1) I would not like the AA batteries in the SX1 and would much prefer the Lithium battery in the dslr's

2) And I would really like having video on the SX1

3) And I would like having the huge zoom rather than spending thousands of dollars on new lenses

4) - BUT i still dont have a straight answer on how well this camera performs against the dslr's with stills

5) I am leaning towards a dslr because i want to take my photography further but i dont know with which brand to go with - some people say the Nikon kit lenses are better and that you will have to spend allot of money on a cannon lens to get a good one, but Nikon's customer support is terrible and allot of people complain about the 1000D's annoying menu system...what do you think about this?

6) Here is what camera labs has to say about D300 vs. 1000D...

- Canon’s EOS 1000D / Rebel XS is over a year older than the D3000, but remains Canon’s current entry-level DSLR and hence the main rival for the new budget Nikon.

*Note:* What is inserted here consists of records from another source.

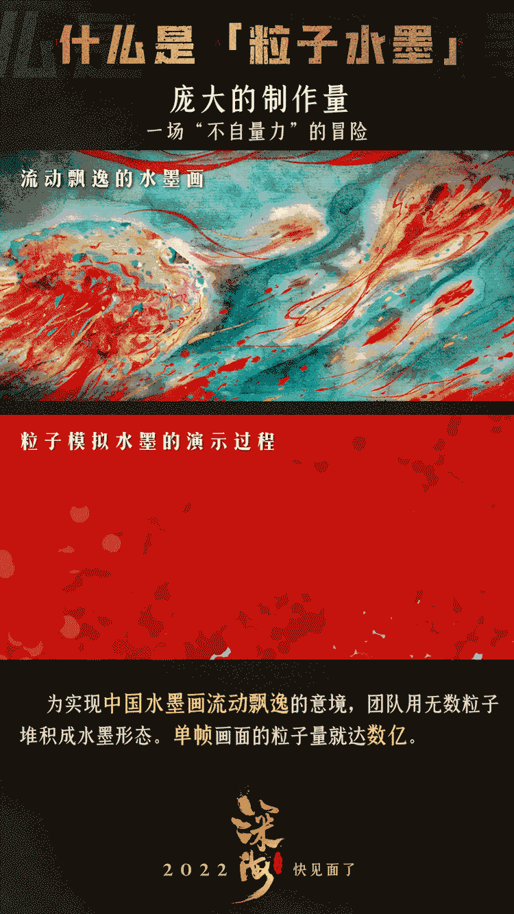 更携制作团队进行了开创性的研发了粒子水墨动画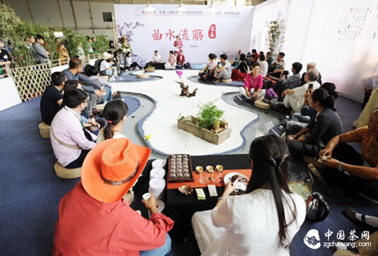 而坐落在会展中心8号馆的“曲水流觞”品鉴区,则是东方美学茶空间的再现,有丝竹兰亭之景,有回环小溪之趣,有盘旋笔墨之韵,有清茗醉人的香,还有曲水取杯品饮的情怀。置身其中,如同穿越回古时的曲水河畔,美不胜收。4天展会,共安排了10场主题茶会,场场爆满。但吸引的,远不止体验者,路过的茶友,没有不特意驻足观看和拍照留影的。同样吸引茶友的,还有8号馆的茶席设计展示。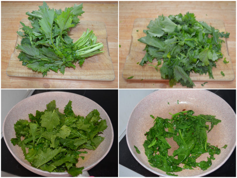 Unite i friarielli, salate, coprite con un coperchio e lasciate che appassiscano, quindi togliete il coperchio e fate evaporare l'acqua rilasciata dalle verdure.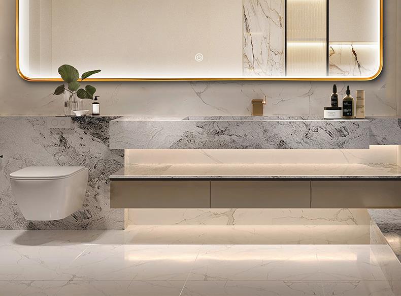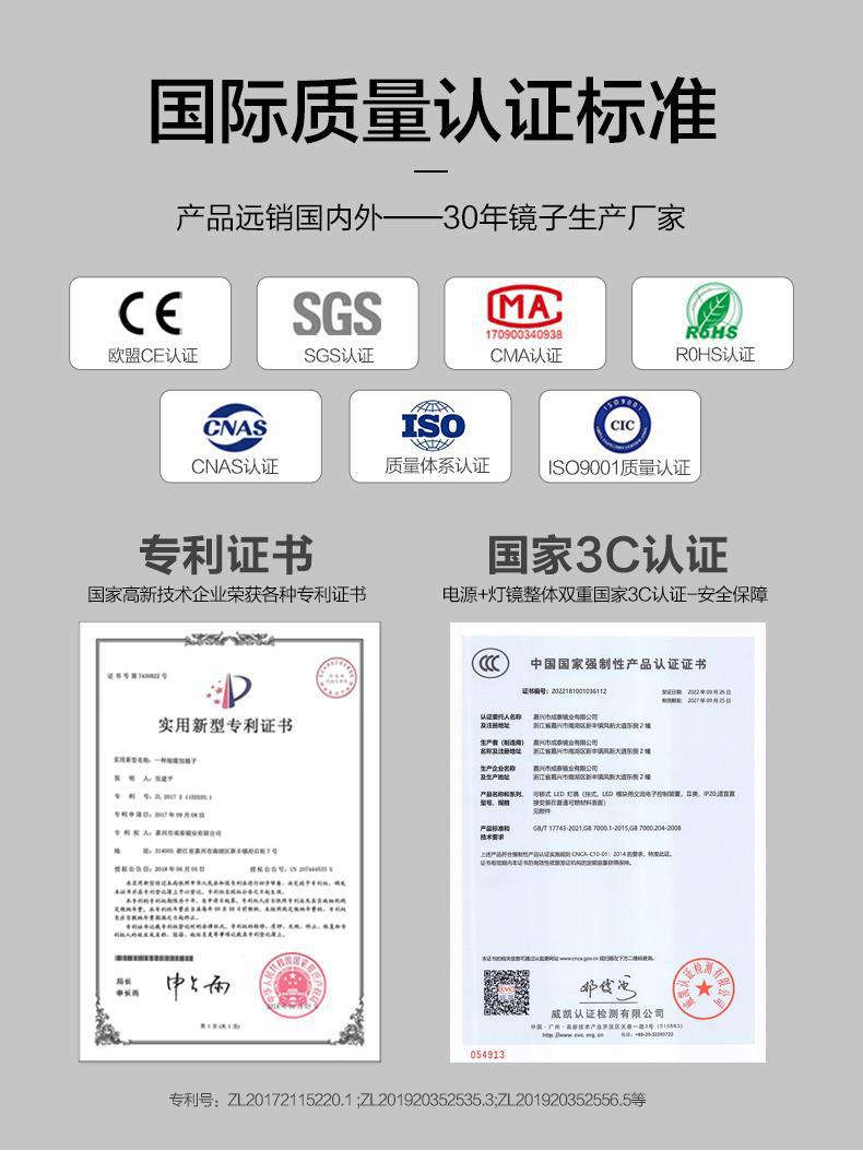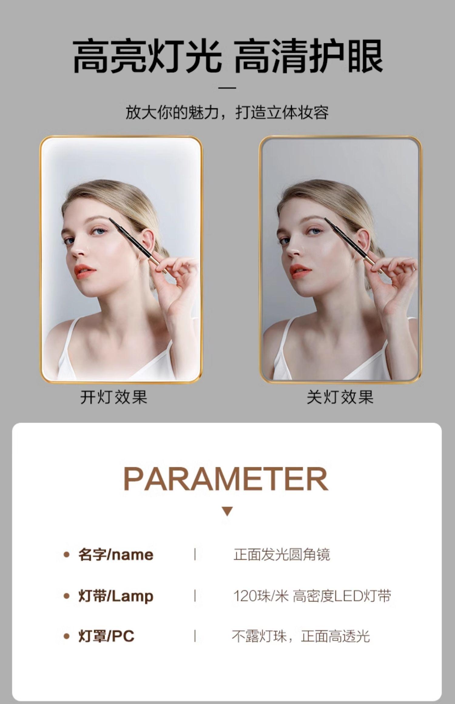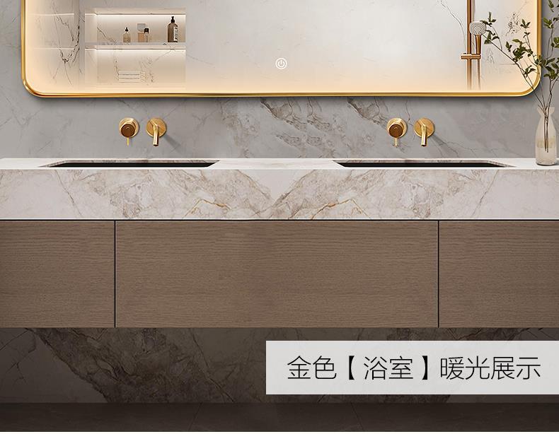 Gold frame [warm light + brightness adjustment] one-click multi-control + anti-fog and explosion-proof

Both the 1000D / XS and D3000 share the same 10 Megapixel resolution, 3fps continuous shooting and the same range from their 18-55mm stabilised kit lenses.

In its favour, the Canon features Live View, a depth-of-field preview facility and comes with free software to remote-control the camera from a PC or Mac, along with a much more sophisticated RAW processing application. In its favour, the D3000 features a slightly more sophisticated 11-point AF system (versus 7-point), a larger 3in screen (versus 2.5in), viewfinder gridlines and a friendlier user interface for beginners.

But for many beginners, the lack of Live View on any new DSLR is a deal-breaker, and crucially as an older model, the Canon has already enjoyed online discounting, making it look competitively priced compared to the D3000 – at least during its first few months on sale anyway.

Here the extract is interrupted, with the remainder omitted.